Lo recuerdo, quizás invierno de mil novecientos noventa y cuatro. Lo escucho y lo veo. Entra en su habitación y voy tras de él. Me echo, antes que él en su cama y descubro con extrañeza, abierto, sobre la almohada, un libro. Le preguntaré sobre ese objeto y me responderá que le gusta. Que ya es la segunda vez que lo lee. Su portada se me queda grabada en la memoria. Años después, cuando ponga los pies en la universidad y empiece el primer año de Ciencia Política, veré a Zara que lee. El libro que tiene entre las manos tiene la misma portada que recuerdo haber visto en la cama de mi abuelo y me acerco a ella, le pregunto por el libro y, tras mirarme con sospecha, me responderá… “Es de Augusto Céspedes. Es un libro de cuentos. Mira, se llama Sangre de mestizos.” Todo encaja. Mi abuelo está esa mañana, cinco años después de su partida, y como en el poema de Mitre, conmigo; no se fue. Y como diría otro poeta boliviano: se sigue estando.

Y entonces te espero, Yaba René. Son pasadas las tres de la tarde y estoy solo en casa. Dijiste que vendrías; quieres verme para saber cómo estoy tras la operación. No me siento bien y te trato mal. Esperé por ti y cuando por fin estás conmigo, deseo que te marches. Quiero estar solo. Dormir y olvidar el dolor de este cuerpo que de a poco siento como propio. Pero no te vas, resistes mi mal humor y me dices que leíste el libro sobre el cual se basa la película que estaba viendo hasta tu llegada. Los tres mosqueteros. De nuevo me quedo sin palabras. Otro libro. ¿Acaso son tan importantes? ¿Yo podré leer como mi abuelo, leeré los libros que leyó mi padre? No lo sé. Son demasiadas preguntas para hacerle al destino. Pero lo descubriré dentro de unos meses, pero esa tarde aún el milagro no sucede. Soy solamente un adolescente que adolece y no sabe que esa tarde será la última vez que pasará el tiempo y las horas con su abuelo.

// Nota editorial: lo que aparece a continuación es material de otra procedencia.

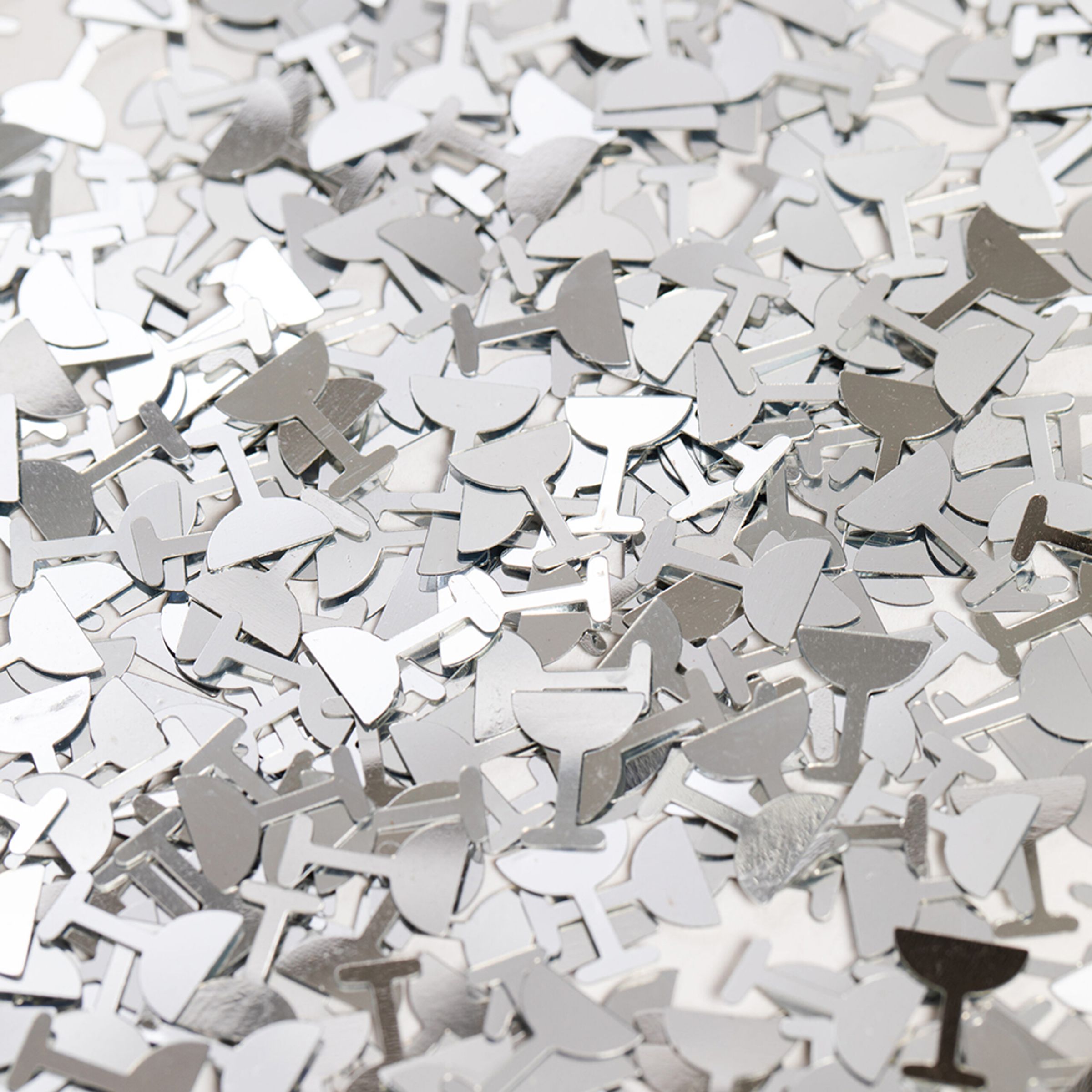 Bordskonfetti Champagneglas Silver Metallic är en superfin konfetti i form av små silverfärgade bubbelglas. Konfettin är i skimrande metallic som gör den extra tjusig. Passar lika bra till nyårsfesten som födelsedagsfesten och andra kalas!

La Plaza Osorio cargada de sol está casi vacía. Estoy sentado en el asiento del copiloto de un Lada blanco modelo ochenta. Tengo seis años y es octubre. En mis manos sostengo una bolsa plástica cristalina y mientras de la radio suena “Simón el gran varón”, escucho retazos de las conversaciones que tiene mi madre con sus hermanos y comprendo de ese modo y en este momento que lo que hay en el interior de esa bolsa es el seno derecho de la madre de mi mamá. Tiene cáncer. Trataron de detener la enfermedad por medio de la extirpación del lugar donde anidaba el tumor y ahora sólo resta esperar. Y como la espera no se prolongará por mucho tiempo yo tengo la oportunidad de ver el tránsito de la vida a la muerte antes de que termine este año de mil novecientos ochenta y seis, que además es el año en que mis padres deciden separarse tras varios años de peleas, discusiones y el truncado intento de empezar de cero que mi madre quiso empezar conmigo cuando me llevo, casi a escondidas, hasta la Quiaca. Quizás hubiera sido distinta nuestra vida, pero mi padre nos alcanzó y logró convencer a mi madre de regresar con él. Así volvimos a Bolivia. Supongo que, entonces, es comprensible que yo intente huir a otra latitud cuando las cosas se ponen picantes; pero como se dice en cierta canción: “a fuerza de partir, voy a saber lo que es volver y volver”. Y es que entonces como hoy, uno debe elegir muy bien los motivos del por qué se va del hogar y de la ciudad natal.

Para entonces la ciudad de Cochabamba empezaba a tener contornos. Conocía por sus nombres algunos de sus barrios.